▶ What you have to do
Type out the lines below exactly, pictures excluded.

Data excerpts
--- START ---
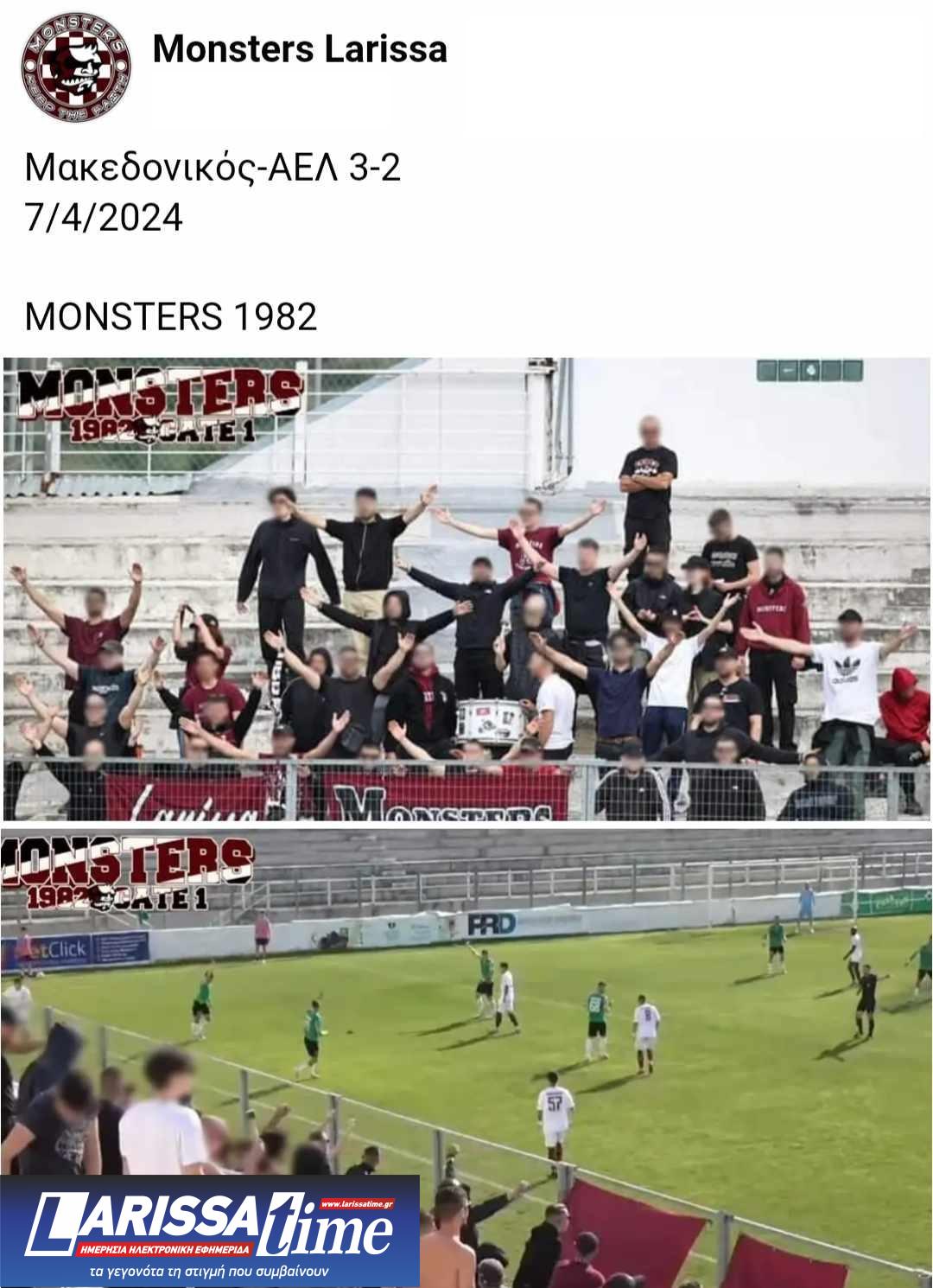 Με αφορμή την αναμέτρηση Μακεδονικός-ΑΕΛ 3-2 για τα Play Off της Superleague 2 που έγινε στο γήπεδο Μακεδονικού, οι οργανωμένοι οπαδοί των «βυσσινί» Monsters μέσα από τα social media έκαναν την παρακάτω ανάρτηση, μαζί με φωτογραφίες.
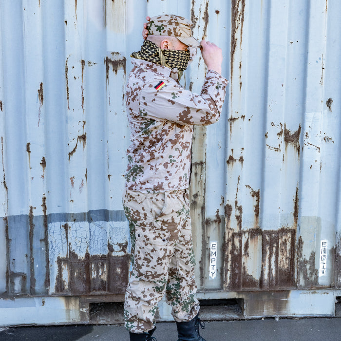 The German Army's choice of camouflage in arid/desert regions is the 3 colour Tropentarn pattern. The official name is drei Farben Tarndruck der Bundeswehr (three color camouflage of the Bundeswehr). Based on the established Flecktarn pattern, the Tropentarn is another popular camouflage pattern from the German army. These Tropentarn pattern trousers have a high cotton content, making them extra comfortable.
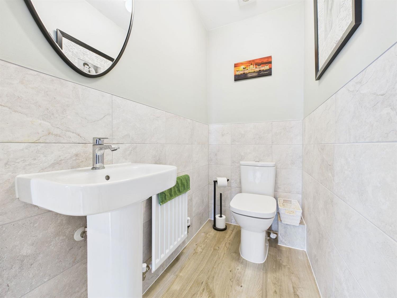 CloakroomFitted with a low-level WC with dual flush, pedestal wash hand basin with mixer tap, radiator, half-height wall tiling, and LVT flooring.
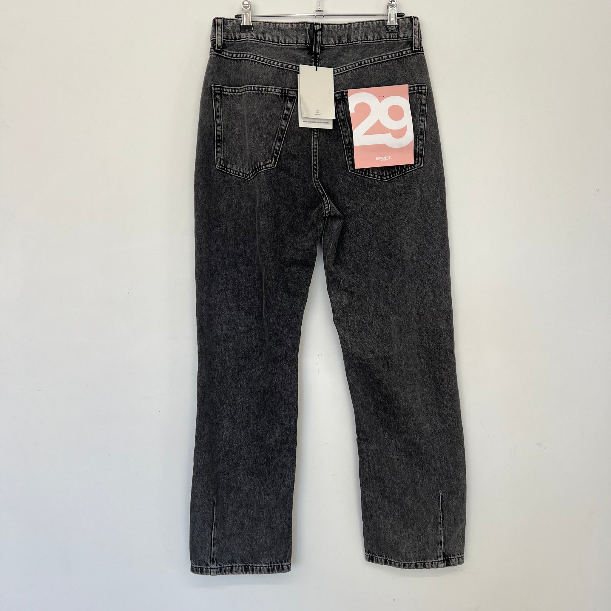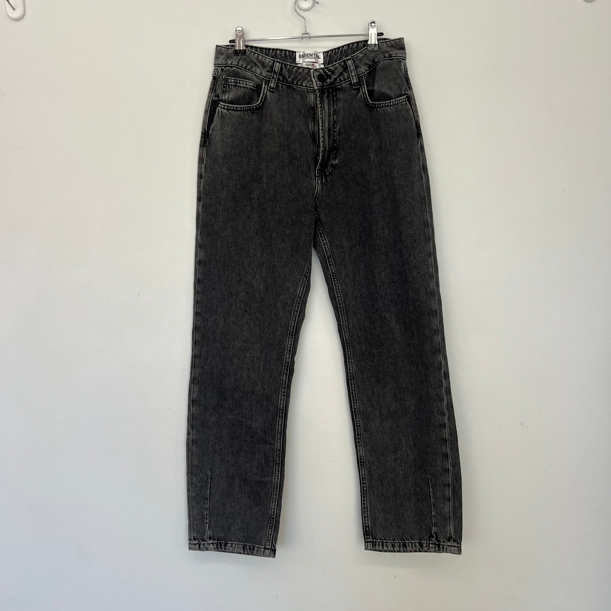 Pantalon jeans de la marque Essentiel Antwerp. Coupe droite. En denim non-extensible. Effets délavé sur l'ensemble. Détail de couture verticale sur l'avant-côté en bas de chaque jambe. Taille haute, passants de ceinture, braguette: fermeture éclair et bouton. D'une valeur de 350$.
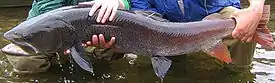 (Pallas, 1773) | Обыкновенный таймень — вид лососёвых отряда лососеобразных. Самый крупный представитель семейства, достигает длины 1,5—2 м при весе 60—80 кг. речной вид встречающийся в Амуре и сибирских реках от Оби до Индигирки (кроме Колымы). В Тюменской области отмечается в верховьях уральских притоков Нижней Оби; единично встречается в Иртыше и Тоболе. На численность вида влияют рыболовство и браконьерство.[1] | ||||||
--- END ---
▶ Result for this exercise
 Με αφορμή την αναμέτρηση Μακεδονικός-ΑΕΛ 3-2 για τα Play Off της Superleague 2 που έγινε στο γήπεδο Μακεδονικού, οι οργανωμένοι οπαδοί των «βυσσινί» Monsters μέσα από τα social media έκαναν την παρακάτω ανάρτηση, μαζί με φωτογραφίες.
 The German Army's choice of camouflage in arid/desert regions is the 3 colour Tropentarn pattern. The official name is drei Farben Tarndruck der Bundeswehr (three color camouflage of the Bundeswehr). Based on the established Flecktarn pattern, the Tropentarn is another popular camouflage pattern from the German army. These Tropentarn pattern trousers have a high cotton content, making them extra comfortable.
 CloakroomFitted with a low-level WC with dual flush, pedestal wash hand basin with mixer tap, radiator, half-height wall tiling, and LVT flooring.
 Pantalon jeans de la marque Essentiel Antwerp. Coupe droite. En denim non-extensible. Effets délavé sur l'ensemble. Détail de couture verticale sur l'avant-côté en bas de chaque jambe. Taille haute, passants de ceinture, braguette: fermeture éclair et bouton. D'une valeur de 350$.
 (Pallas, 1773) | Обыкновенный таймень — вид лососёвых отряда лососеобразных. Самый крупный представитель семейства, достигает длины 1,5—2 м при весе 60—80 кг. речной вид встречающийся в Амуре и сибирских реках от Оби до Индигирки (кроме Колымы). В Тюменской области отмечается в верховьях уральских притоков Нижней Оби; единично встречается в Иртыше и Тоболе. На численность вида влияют рыболовство и браконьерство.[1] | ||||||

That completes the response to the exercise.